▶ _PROBLEM TO SOLVE_:
Please print, exactly, only the lines in the entries below from the line that has "10月24日,中國船舶集團旗" through the line that has "Düğme Detaylı Doublu". Pictures don't go in.

▶ _STORED DATA_:
# # # #
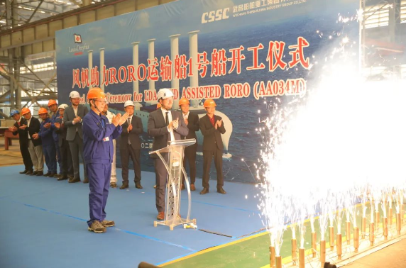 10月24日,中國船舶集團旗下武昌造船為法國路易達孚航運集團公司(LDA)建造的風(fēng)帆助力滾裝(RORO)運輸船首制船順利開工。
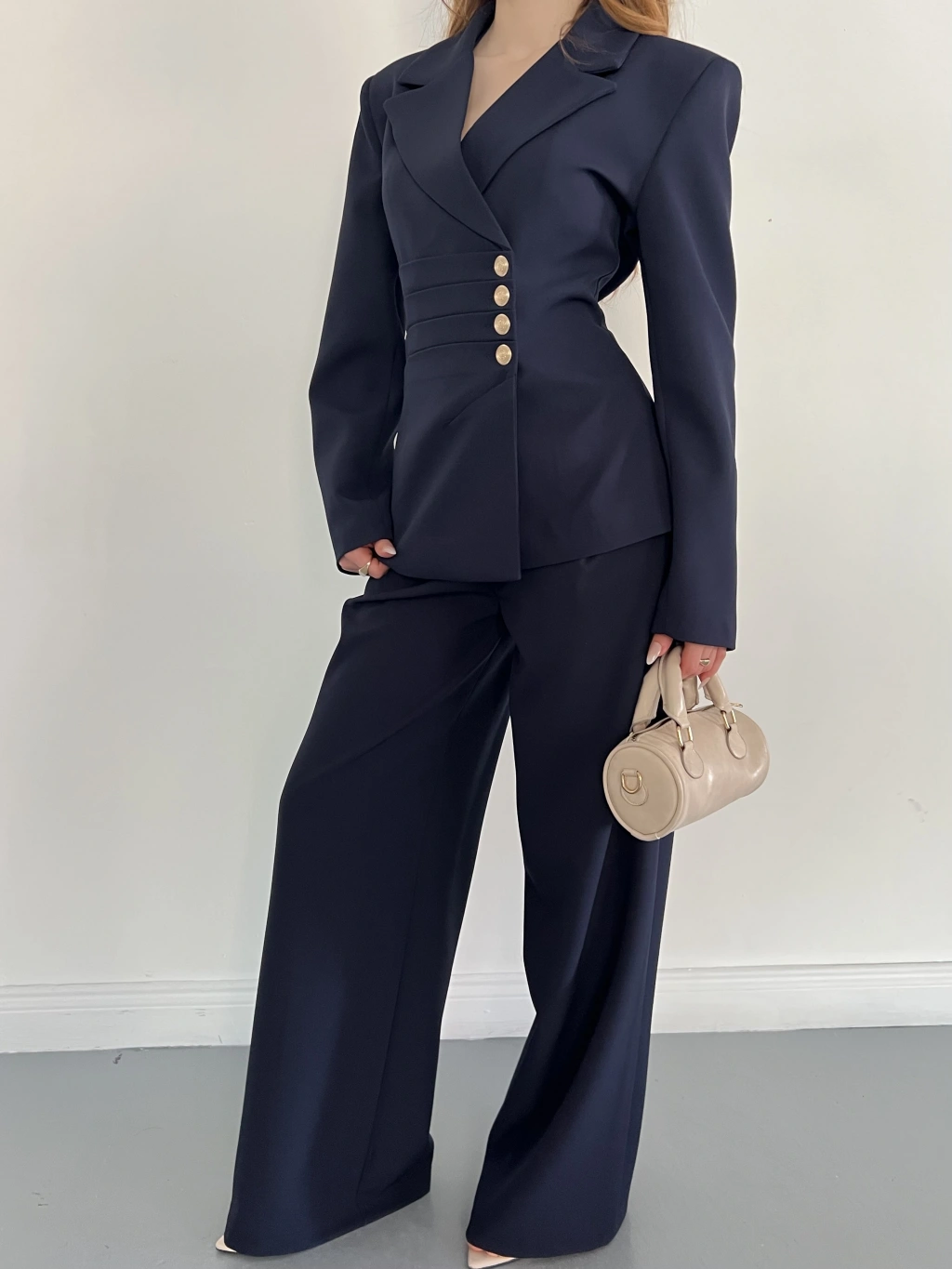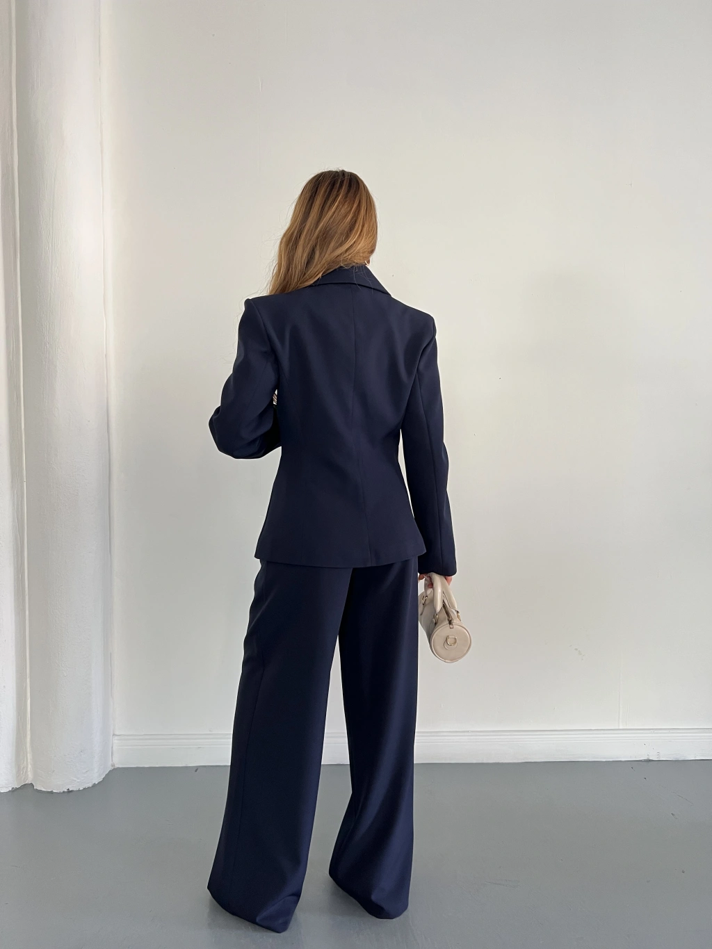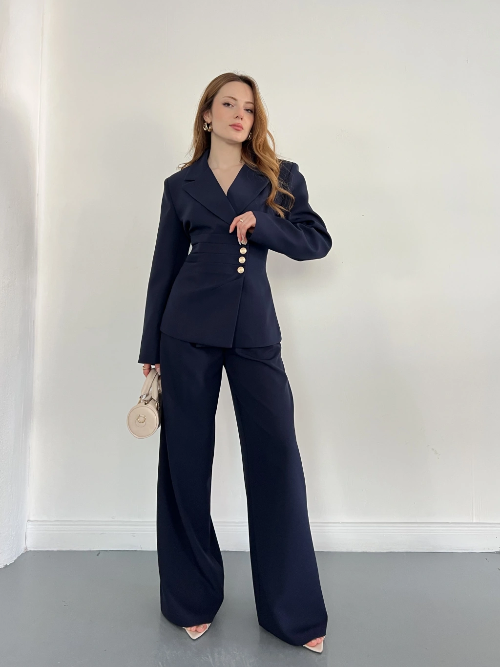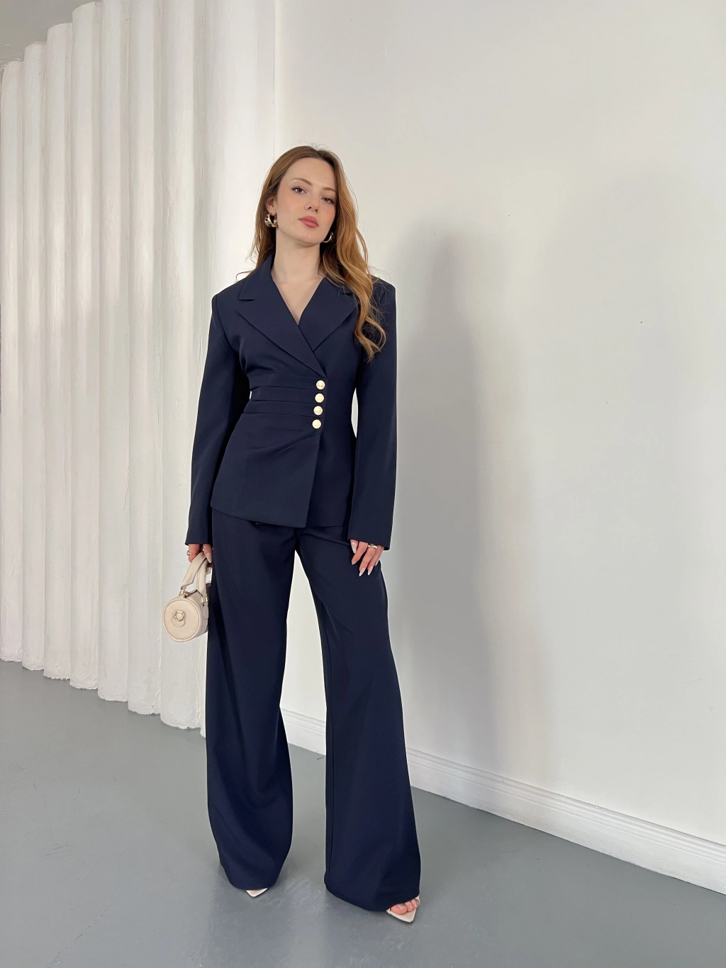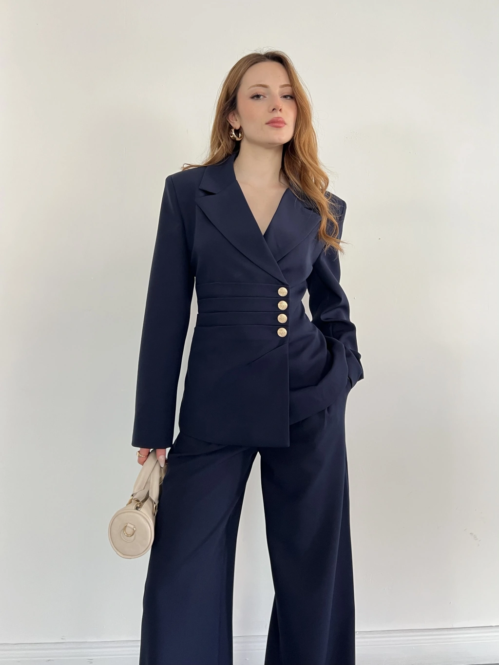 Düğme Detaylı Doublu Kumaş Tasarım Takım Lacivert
# # # #
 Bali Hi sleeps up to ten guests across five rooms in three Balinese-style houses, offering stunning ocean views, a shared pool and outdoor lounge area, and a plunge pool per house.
# # # #
▶ _REPLY TO THE EXERCISE_:
 10月24日,中國船舶集團旗下武昌造船為法國路易達孚航運集團公司(LDA)建造的風(fēng)帆助力滾裝(RORO)運輸船首制船順利開工。
 Düğme Detaylı Doublu Kumaş Tasarım Takım Lacivert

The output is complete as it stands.